**Data extracts**
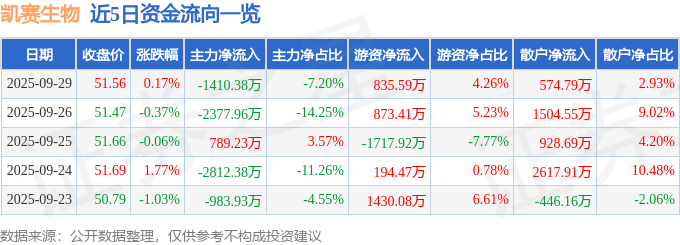 证券之星消息,截至2025年9月29日收盘,凯赛生物(688065)报收于51.56元,上涨0.17%,换手率0.66%,成交量3.84万手,成交额1.96亿元。
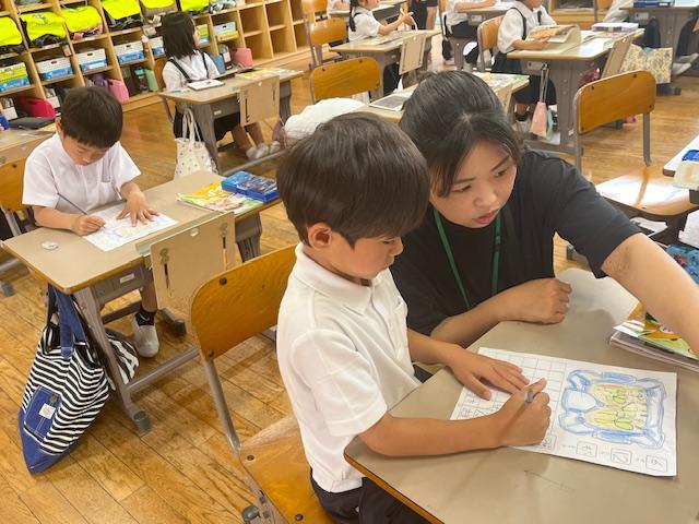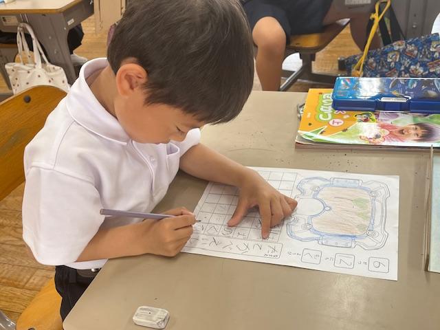 今日は、絵と文で観察したことをまとめていました。外には、毎日水やりをしている朝顔がすくすくと大きくなっています!
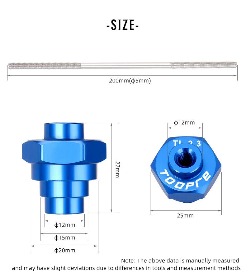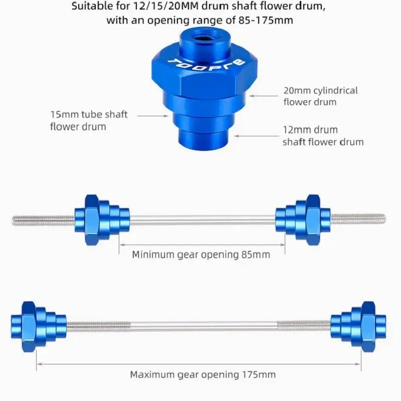 Die robuste Befestigungsstange von TOOPRE eignet sich perfekt zum sicheren Fixieren von Fahrradnaben mit 12, 15 oder 20 mm Durchmesser. Gefertigt aus hochwertiger Aluminiumlegierung und Edelstahl 304 vereint sie geringes Gewicht mit langlebiger Stabilität für präzises Radzentrieren und Trommelarbeiten.
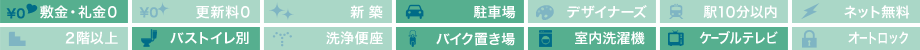 | 設備・特徴 | 2口コンロ ウォシュレット TVドアホン バストイレ別 フローリング クローゼット 南向き 角部屋 独立洗面台 室内洗濯機置場 照明付き エアコン ケーブルTV バイク置場 | ||
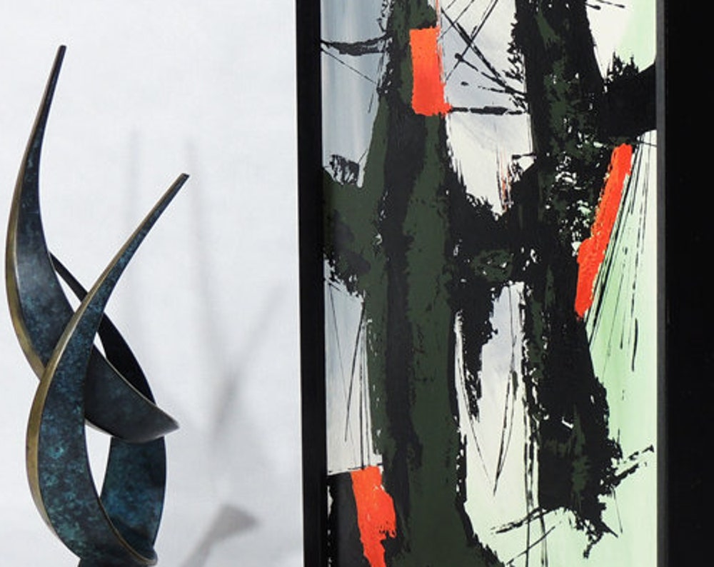 MCM Era Original Kovaci Abstract Expressionist Orange Black Signed Painting

**Work required**
Where a record above contains a picture, leave the picture out and transcribe everything else exactly.

**Answer to this problem**
 证券之星消息,截至2025年9月29日收盘,凯赛生物(688065)报收于51.56元,上涨0.17%,换手率0.66%,成交量3.84万手,成交额1.96亿元。
 今日は、絵と文で観察したことをまとめていました。外には、毎日水やりをしている朝顔がすくすくと大きくなっています!
 Die robuste Befestigungsstange von TOOPRE eignet sich perfekt zum sicheren Fixieren von Fahrradnaben mit 12, 15 oder 20 mm Durchmesser. Gefertigt aus hochwertiger Aluminiumlegierung und Edelstahl 304 vereint sie geringes Gewicht mit langlebiger Stabilität für präzises Radzentrieren und Trommelarbeiten.
 | 設備・特徴 | 2口コンロ ウォシュレット TVドアホン バストイレ別 フローリング クローゼット 南向き 角部屋 独立洗面台 室内洗濯機置場 照明付き エアコン ケーブルTV バイク置場 | ||
 MCM Era Original Kovaci Abstract Expressionist Orange Black Signed Painting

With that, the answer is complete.